On Wed, Dec 02, 2015 at 06:44:19AM -0500, Neil Horman wrote:
> Theres nothing "complex" about the simple fact that a project builds lots of
> libraries.  Its extreemely common. Any graphic window manager has exactly the
> same situation, as do any number of tools that have multiple hardware backends
> impelmented in user space (v4l, sane, iptables, to name just a few).
> 
> > Before I go into details, it would be nice if someone could please
> > explain why DPDK has to be "special" in needing to do this? I don't
> Its not special, see above.  Not saying the build environment cant be 
> improved,
> but the fact that there are multiple libraries is pretty straightforward.

It's fine in principle for an upstream to ship multiple shared
libraries, but it is extra and unnecessary work unless there's a
*reason* to have multiple shared libraries. What are the reasons for
DPDK?

> > In Debian and Ubuntu, we manage a library transition (an ABI bump in a
> > library together with all dependencies moving to use the new ABI) by
> > concurrently packaging both the old and new libraries at once. This
> > works well with the norm for libraries. We ship one binary package per
> > soname, with the major version as part of the package name. This allows
> > a system to have two (or more) ABIs installed simultaneously. For a
> > library transition, we just package the new version and then that can
> > land and work concurrently as we then individually update every
> > dependent (library-consuming) package.

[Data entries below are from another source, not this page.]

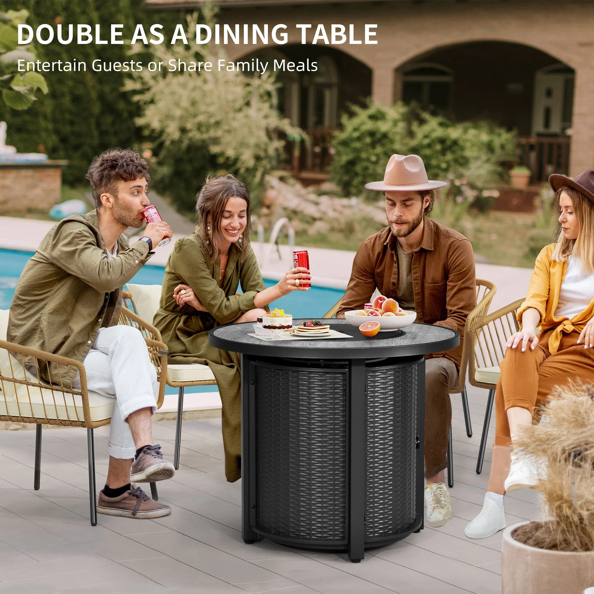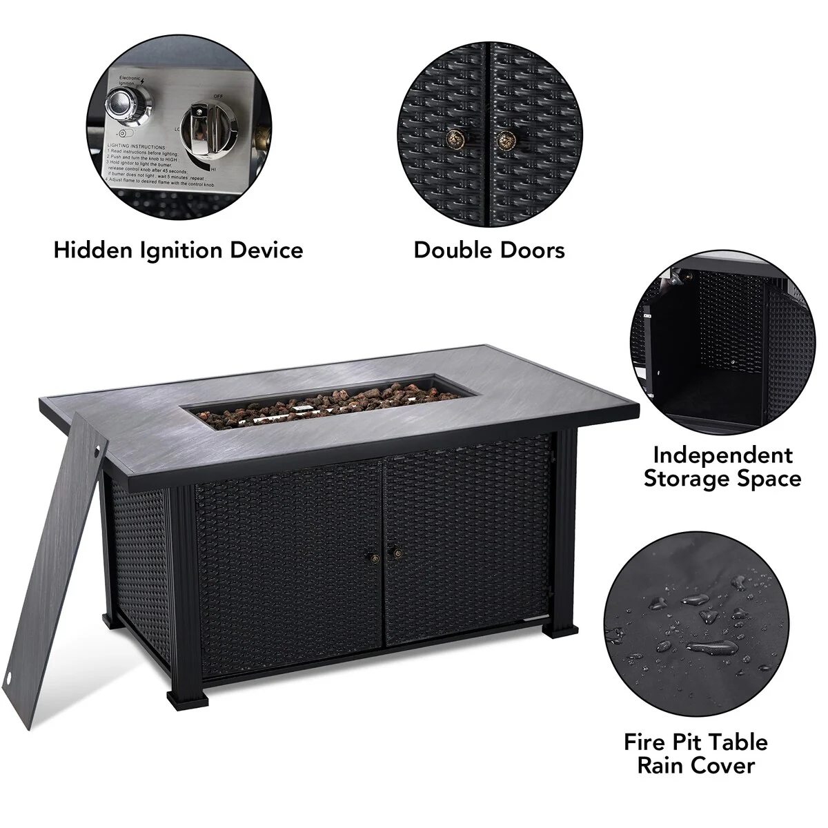 Outdoor Propane Fire Pit Table Set 40000 BTU Rattan Patio Heater with Lid and Tank Holder Ceramic Tile Top for Deck Backyard
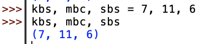 a, b = tupleData # a, b 두 변수에 tupleDate를 치환
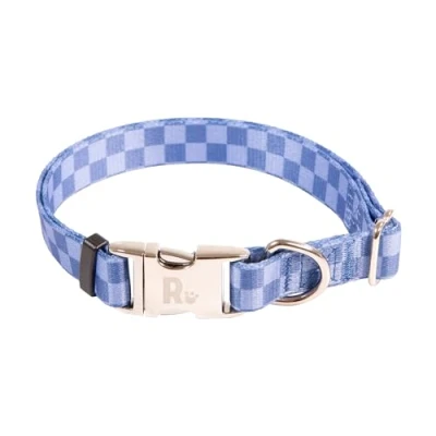 Rosewood Blue Checkerboard Dog Collar Adjustable Pet for Small, Medium, Large Dogs Stylish, Durable with Metal Hardware 10 14"
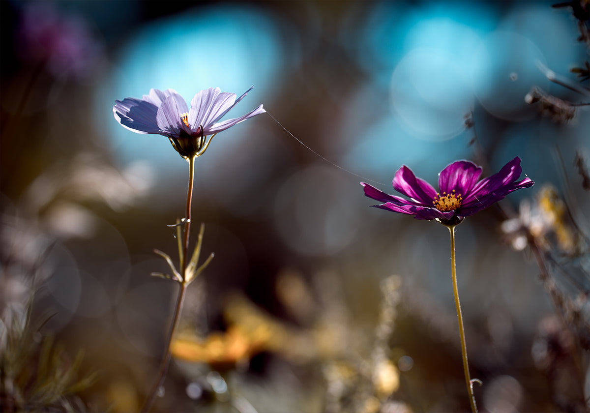 Le lien by Fabien BRAVIN captures an intimate botanical duet: two violet blooms leaning toward each other, gently bound by a fine thread. Bathed in warm backlight and soft bokeh, the petals glow with tenderness, evoking connection, romance, and serenity in a refined macro composition. A tender homage to threads of love and the poetry of nature.
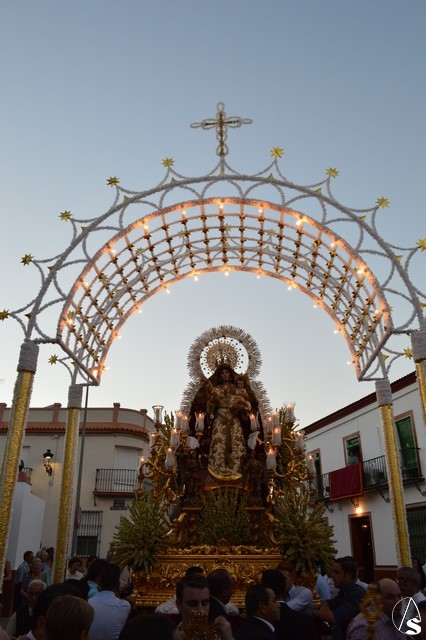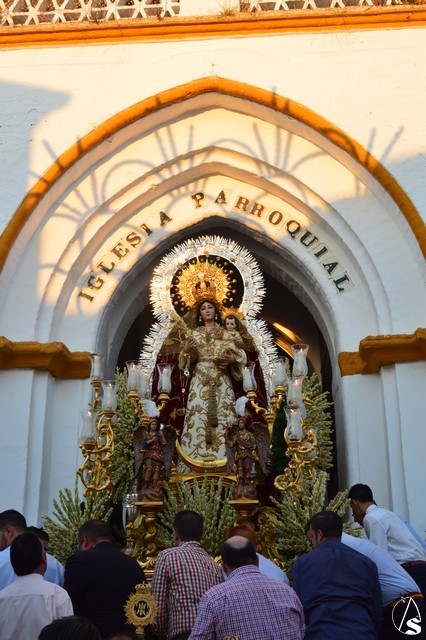 Emocionante y dificultosa es la salida del Templo Parroquial donde numerosos vivas la esperan, así como el estallido de cohetes en las distintas calles del recorrido. Huévar se engalana para este día con arcos en sus calles. Pero sin duda el discurrir de la procesión por la Plaza de España es especialmente bello por los arcos y la cúpula que en honor de la Virgen se coloca en este rincón de Huévar.
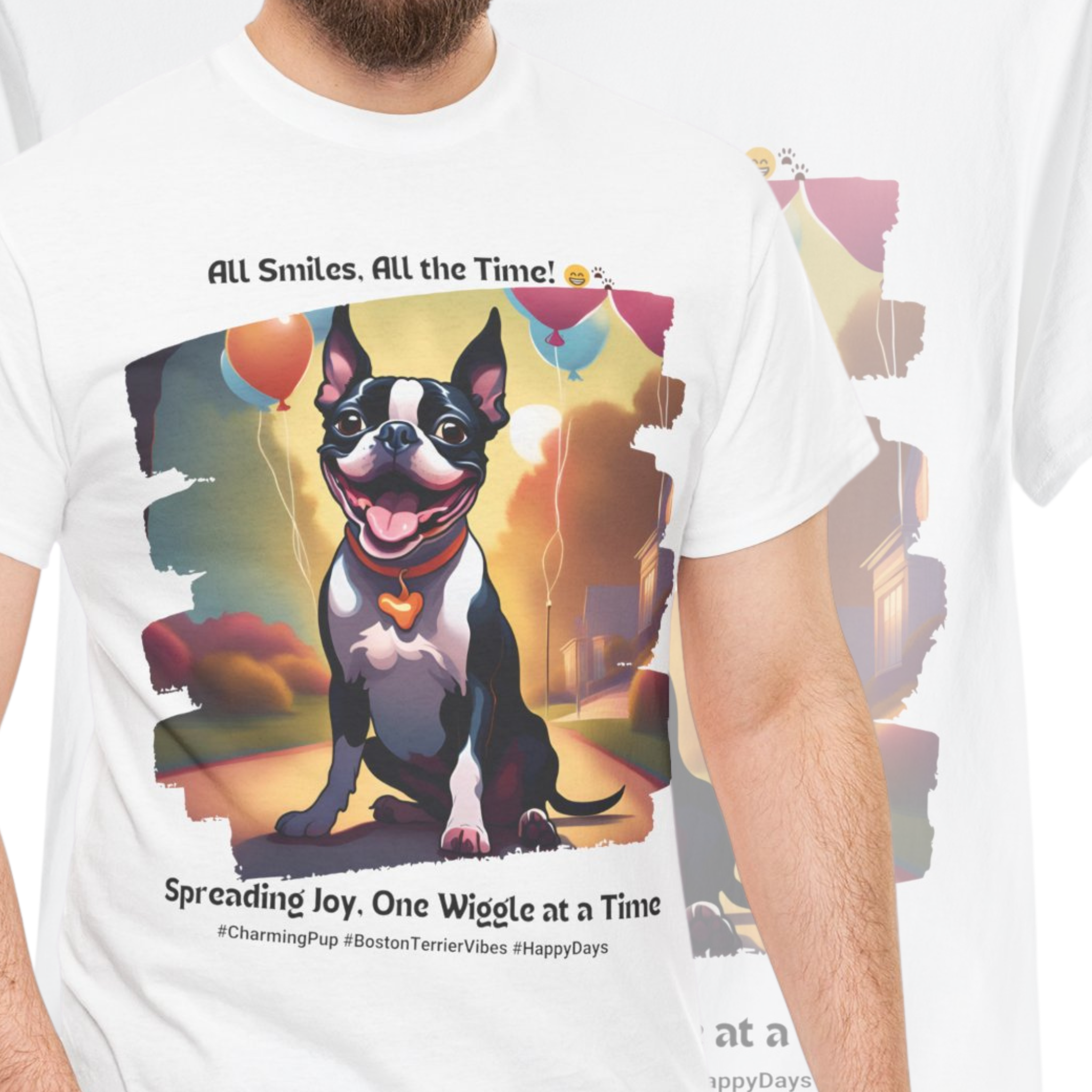 Unisex “Happy Days” Boston Terrier T‑Shirt – Bright Mood Pup Tee
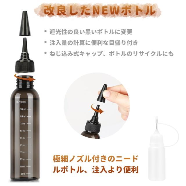 ・ニードルボトル付き、持ち運びや注入しやすい。
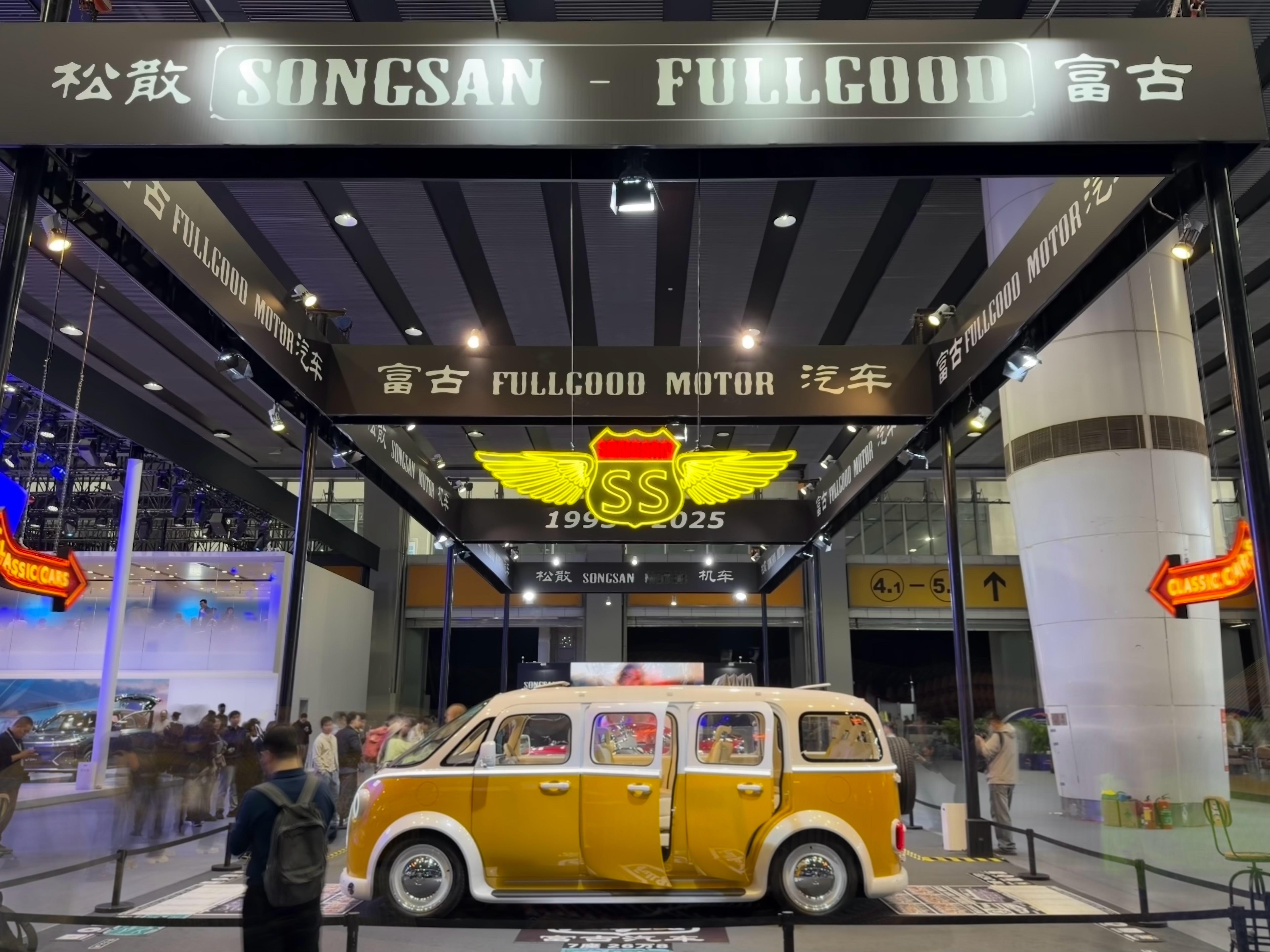 车展逛到松散·富古展台,小翠就走不动道了它们的设计思路太妙了:把上世纪50-70年代的经典车型“复活”——像黄色MPV致敬大众T1,敞篷车复刻科尔维特C1,连火箭尾翼都是美式老车那味儿。但内核是纯电/混动+智能底盘,复古壳子裹着现代科技,完美戳中“情怀党+实用派”。品牌本身是从美式机车改装起家,现在专攻“复古未来主义”,每款车都是“能合法上路的移动古董”,这路子真的独一份!
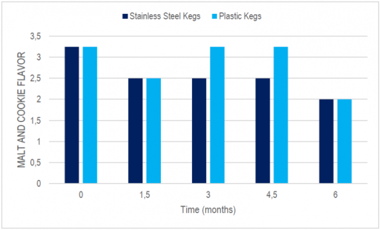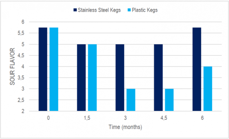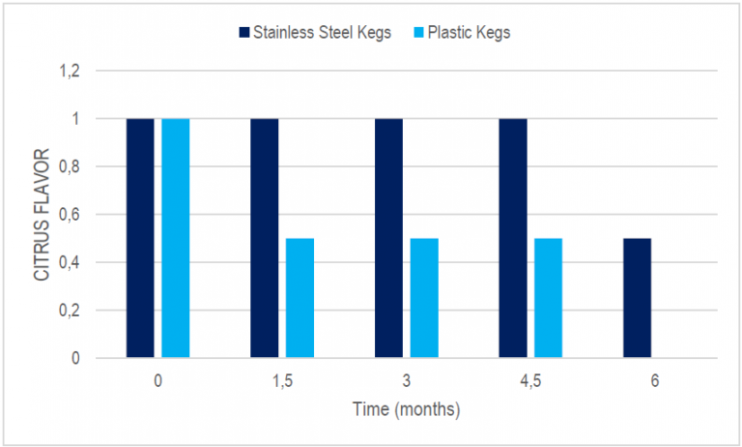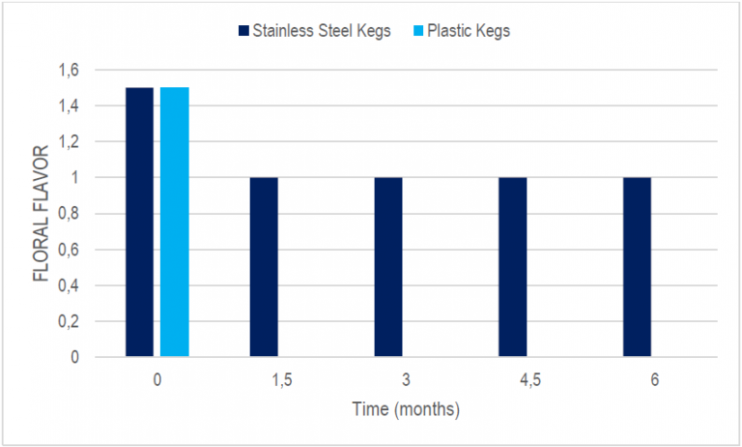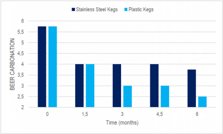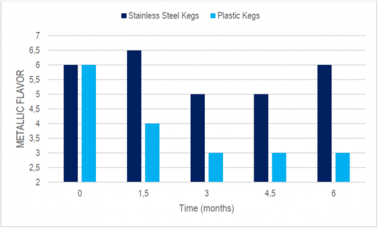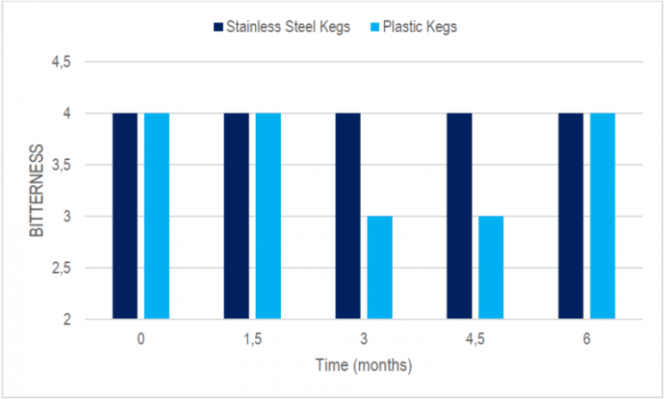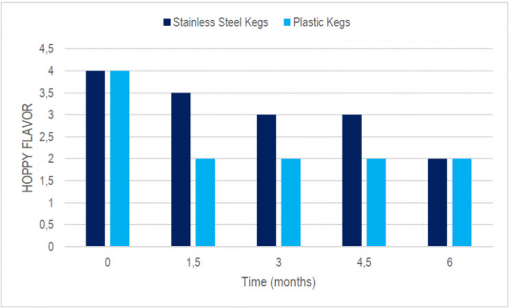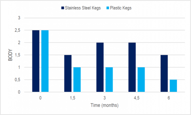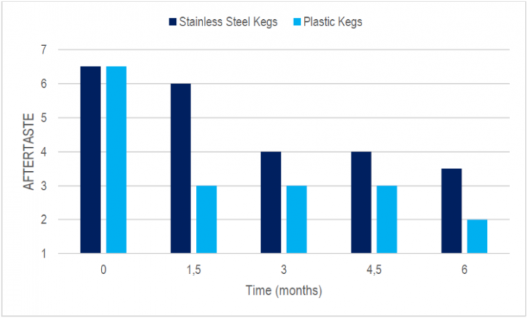 В пластиковых кегах показатель существенно снизился уже через 1,5 месяца. Далее различия между стальными и пластиковыми кегами были не такими существенными, однако пиво из нержавеющих кегов показало лучший результат.
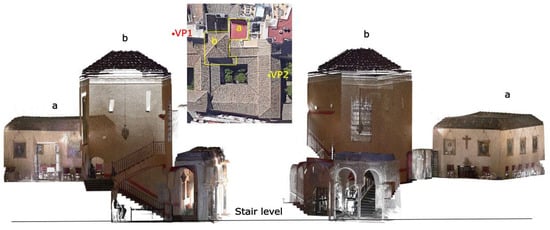 3D orthographic views extracted from the point cloud to better understand the different levels for the mezzanine (a) and the tower above the staircase (b). Central image shows the polygonal sections (yellow) and the viewpoints VP1 and VP2; the left image was observed from VP1 and the right image was observed from VP2.
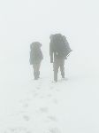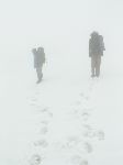 Mokro, zima, vítr, zoufalá viditelnost a nedostatek času nás nutí vymyslet náhradní plán ...opustit hřeben, sejít k salaším a údolím se dostat k přehradě ...a pak už nějak na vlak
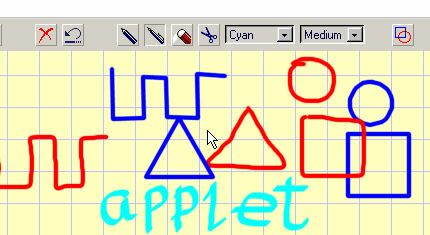 Рисовалка простая и приятная - можно включить режим сглаживания/выпрямления (riteShape) и получать ровные фигурки и линии (как на рисунке). У меня правильно апплет работал в IE и в Mozilla. Посылает на почту рисунок в виде JPG (что очень удобно) или в виде апплета (если у мэйлера есть поддержка Java). Реально же, в TheBat я получил html страничку, где смог воспользоваться только ссылкой - и вот там уже был выбор JPG / Java. Сервис хороший, необходимо лишь пройти регистрацию для отсылки писем (бесплатно). ссылку прислал Vitaly |
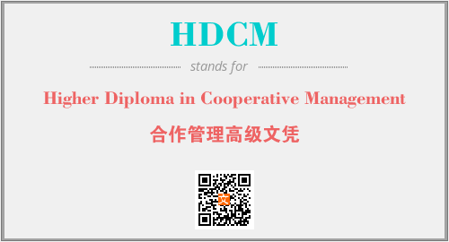 英文缩略词“HDCM”经常作为“Higher Diploma in Cooperative Management”的英文缩写来使用,中文表示:“合作管理高级文凭”。本文将详细介绍英文缩写词HDCM所代表英文单词,其对应的中文拼音、详细解释以及在英语中的流行度。此外,还有关于缩略词HDCM的分类、应用领域及相关应用示例等。
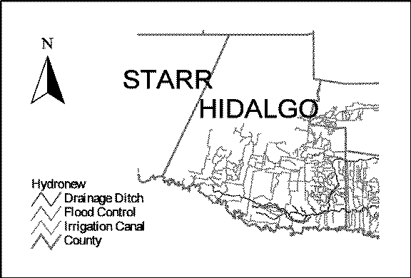 Geographic information systems store and access many and varied kinds of information. Typical sorts of information range from geologic and biologic inventory maps to census and remote sensing data[4, 5]. Use of such information is increasing in a wide range of decision making and research contexts. Any collection of GIS information would include vector maps, raster images, tables, graphs, and text which are interrelated and dependent on each other. Thus, GIS users can manipulate the database by interacting with any form of the data, whether geographic, tabular, or text. These basic data are used to generate different output maps with associated tabular data for different users. For example, a GIS database might have files of irrigation canals, such as the network depicted in Figure 1 for counties in south Texas. Users may be interested in overlaying flood channel data to determine suitable locations for water delivery and flood mitigation considerations. This could be of interest to builders, home buyers, planning groups, or government agencies. A typical GIS maintains the geographic information in the form of attribute tables, polygons and image maps. Depending the type of information and analysis of interest to users, the GIS performs operations to generate the results and display them in a suitable format.
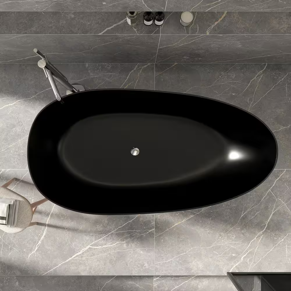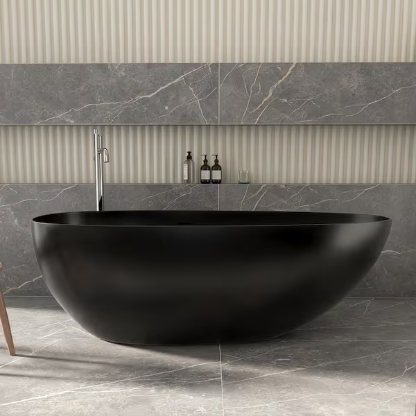 Lasaideal 67'' Stone Resin Solid Surface Matte Flatbottom Black Freestanding Soaking Bathtub

> So thats, a distribution choice, not an upstream problem.

No, that's how shared libraries work. By design, multiple ABI versions
can be co-installed. That's why sonames have the ABI major version
inside them and the filenames reflect the sonames.

It is a distribution choice to exploit this capability. But it is an
upstream problem if this capability is broken.

By shipping multiple shared libraries, DPDK isn't breaking this
capability per se. But if the upstream expectation is that it's no
additional work for distributions because the multiple libraries can
just be bundled together into a single distribution package, then _this_
is what breaks the capability.

Instead DPDK needs to acknowledge that splitting libraries _does_ cause
additional packaging work for any distribution that wants to use the
multiple co-installed ABI feature of shared libraries as they are
designed.

Then, it becomes for upstream a question of the trade-off: does the
benefit of split libraries outweigh the extra work this creates on
packagers? To understand this, first I need to understand the rationale
for shipping multiple shared libaries specifically in DPDK, and I feel
that you (well, Red Hat) have yet to present a case.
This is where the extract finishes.